At the core of RetroCast is a clean recursive schema ([`src/retrocast/schemas.py`](src/retrocast/schemas.py)):

```python
class Molecule(BaseModel):
    smiles: SmilesStr
    inchikey: InchiKeyStr
    synthesis_step: ReactionStep | None  # None = leaf (starting material)
    metadata: dict[str, Any]

class ReactionStep(BaseModel):
    reactants: list[Molecule]
    mapped_smiles: ReactionSmilesStr | None
    template: str | None
    reagents: list[SmilesStr] | None
    solvents: list[SmilesStr] | None
    metadata: dict[str, Any]

class Route(BaseModel):
    target: Molecule
    rank: int
    solvability: dict[str, bool]  # per building block set
    metadata: dict[str, Any]
```

Every route from every model gets cast into this structure. No ambiguity, no special cases.

## Architecture

RetroCast is built on three principles:

1. **Adapters are the air gap** - All model-specific logic is isolated in pluggable adapters. The core pipeline never touches raw formats directly.

2. **Contracts, not handshakes** - Pydantic schemas enforce validation at every boundary. Invalid data is rejected immediately.
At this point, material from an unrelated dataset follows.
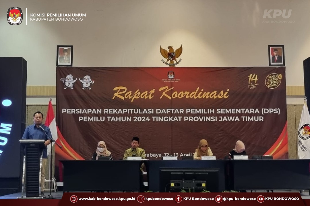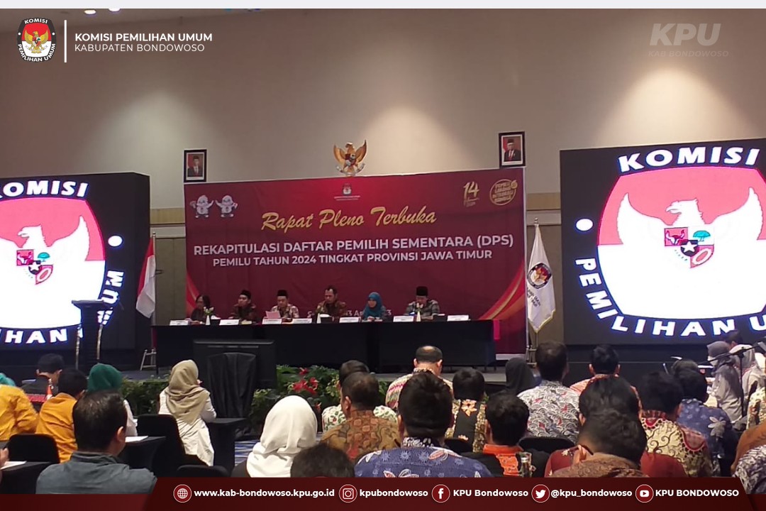 Surabaya - Kamis, (13/04) Komisi Pemilihan Umum (KPU) Provinsi Jawa Timur telah menetapkan sebanyak 31.570.088 masyarakat sebagai Daftar Pemilih Sementara (DPS) Pemilihan Umum (Pemilu) yang digelar secara serentak pada tahun 2024. Rapat digelar di Novotel Samator Surabaya. Rapat Rekapitulaso DPS dibuka Oleh Ketua KPU Provinsi Jawa Timur Chairul Anam dan dilanjutkan dipimpin oleh Divisi Data dan Informasi KPU Jawa Timur Nurul Amalia. Adapun Hasil rekapitulasi DPS Pemilu Tahun 2024 Tingkat Provinsi Jawa Timur yakni jumlah DPS 31.570.088 pemilih. Terdiri dari laki-laki sebanyak 15.594.407 pemilih dan perempuan 15.975.681 pemilih, dengan jumlah Tempat Pemungutan Suara (TPS) 120.548. Berita Acara Rekapitulasi DPS Jawa Timur untuk Pemilu tahun 2024 kemudian diserahkan kepada jajaran partai politik dan stakeholder terkait. Proses rekapitulisasi DPS melibatkan 38 KPU kabupaten dan kota se-Jawa Timur. Mereka berasal dari Divisi Perencanaan, Data dan Informasi (Rendatin), Kasubbag Rendatin, serta operator Sistem Informasi Data Pemilih (Sidalih). Tak hanya itu saja, KPU Jawa Timur menghadirkan perwakilan partai politik dan sejumlah stakeholder terkait, seperti Badan Pengawas Pemilu (Bawaslu), Dinas Pemberdayaan Perempuan, Perlindungan Anak dan Kependudukan (DP3AK), Kementerian Agama (Kemenag), Dinas Sosial (Dinsos), Badan Kesatuan Bangsa dan Politik (Bakesbangpol), dan Biro Pemerintahan dan Otonomi Daerah. Kemudian, Kementerian Hukum dan Hak Asasi Manusia (Kemenkumham) Kepala Kepolisian Daerah (Kapolda) Jawa Timur dan Panglima Kodam (Pangdam) V Brawijaya. Acara berjalan dengan lancar dan ditutup dengan ramah tamah dan buka bersama.

3. **Deterministic & auditable** - Every output is identified by a cryptographic hash of its inputs. Results are reproducible and traceable.

The pipeline:

```
load raw data → adapter → Route → deduplicate → save + manifest
```

See [`docs/adapters.md`](docs/adapters.md) for details on adding new adapters.

## Citation

If you use RetroCast in your research, please cite:

```bibtex
# ArXiv citation - TODO: add link
```

## License

MIT License - see [LICENSE](LICENSE) for details.